(Data in this exercise)

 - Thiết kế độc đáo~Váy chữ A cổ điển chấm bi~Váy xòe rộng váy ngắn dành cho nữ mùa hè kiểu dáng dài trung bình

(End Data in this exercise)
(Data in this exercise)

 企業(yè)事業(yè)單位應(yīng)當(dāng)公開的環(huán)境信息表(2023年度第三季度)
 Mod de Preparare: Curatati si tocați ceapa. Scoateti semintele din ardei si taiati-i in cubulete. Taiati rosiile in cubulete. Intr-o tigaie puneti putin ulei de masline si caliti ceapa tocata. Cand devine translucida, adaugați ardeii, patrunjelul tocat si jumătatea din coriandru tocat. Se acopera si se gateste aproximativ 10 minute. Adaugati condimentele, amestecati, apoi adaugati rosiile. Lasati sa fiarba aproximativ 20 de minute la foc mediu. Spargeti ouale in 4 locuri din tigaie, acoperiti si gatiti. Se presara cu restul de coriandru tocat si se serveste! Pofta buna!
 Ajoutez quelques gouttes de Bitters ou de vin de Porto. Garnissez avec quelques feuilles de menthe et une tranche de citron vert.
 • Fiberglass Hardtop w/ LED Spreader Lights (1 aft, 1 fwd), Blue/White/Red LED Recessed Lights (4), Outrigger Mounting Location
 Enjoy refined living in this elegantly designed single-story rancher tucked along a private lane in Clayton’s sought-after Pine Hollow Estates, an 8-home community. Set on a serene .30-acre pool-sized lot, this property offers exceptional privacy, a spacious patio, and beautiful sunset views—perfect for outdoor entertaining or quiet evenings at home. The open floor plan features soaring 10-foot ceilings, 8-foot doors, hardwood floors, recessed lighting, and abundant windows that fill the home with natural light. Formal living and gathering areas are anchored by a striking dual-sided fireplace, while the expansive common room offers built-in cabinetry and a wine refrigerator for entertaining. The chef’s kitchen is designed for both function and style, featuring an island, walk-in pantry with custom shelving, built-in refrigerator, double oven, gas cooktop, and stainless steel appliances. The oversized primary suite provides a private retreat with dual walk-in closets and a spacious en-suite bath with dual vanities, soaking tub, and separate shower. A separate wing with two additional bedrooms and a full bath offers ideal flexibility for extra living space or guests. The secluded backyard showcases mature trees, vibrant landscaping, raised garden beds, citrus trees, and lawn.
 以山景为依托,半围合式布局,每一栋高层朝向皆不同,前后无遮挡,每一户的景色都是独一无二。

(End Data in this exercise)

__Your instructions__:
In the records above, find the line with "Mod de Preparare: Curatati"; write out exactly that line and each one after it, stopping after the line with "Ajoutez quelques gouttes".

__Answer to the problem__:
 Mod de Preparare: Curatati si tocați ceapa. Scoateti semintele din ardei si taiati-i in cubulete. Taiati rosiile in cubulete. Intr-o tigaie puneti putin ulei de masline si caliti ceapa tocata. Cand devine translucida, adaugați ardeii, patrunjelul tocat si jumătatea din coriandru tocat. Se acopera si se gateste aproximativ 10 minute. Adaugati condimentele, amestecati, apoi adaugati rosiile. Lasati sa fiarba aproximativ 20 de minute la foc mediu. Spargeti ouale in 4 locuri din tigaie, acoperiti si gatiti. Se presara cu restul de coriandru tocat si se serveste! Pofta buna!
 Ajoutez quelques gouttes de Bitters ou de vin de Porto. Garnissez avec quelques feuilles de menthe et une tranche de citron vert.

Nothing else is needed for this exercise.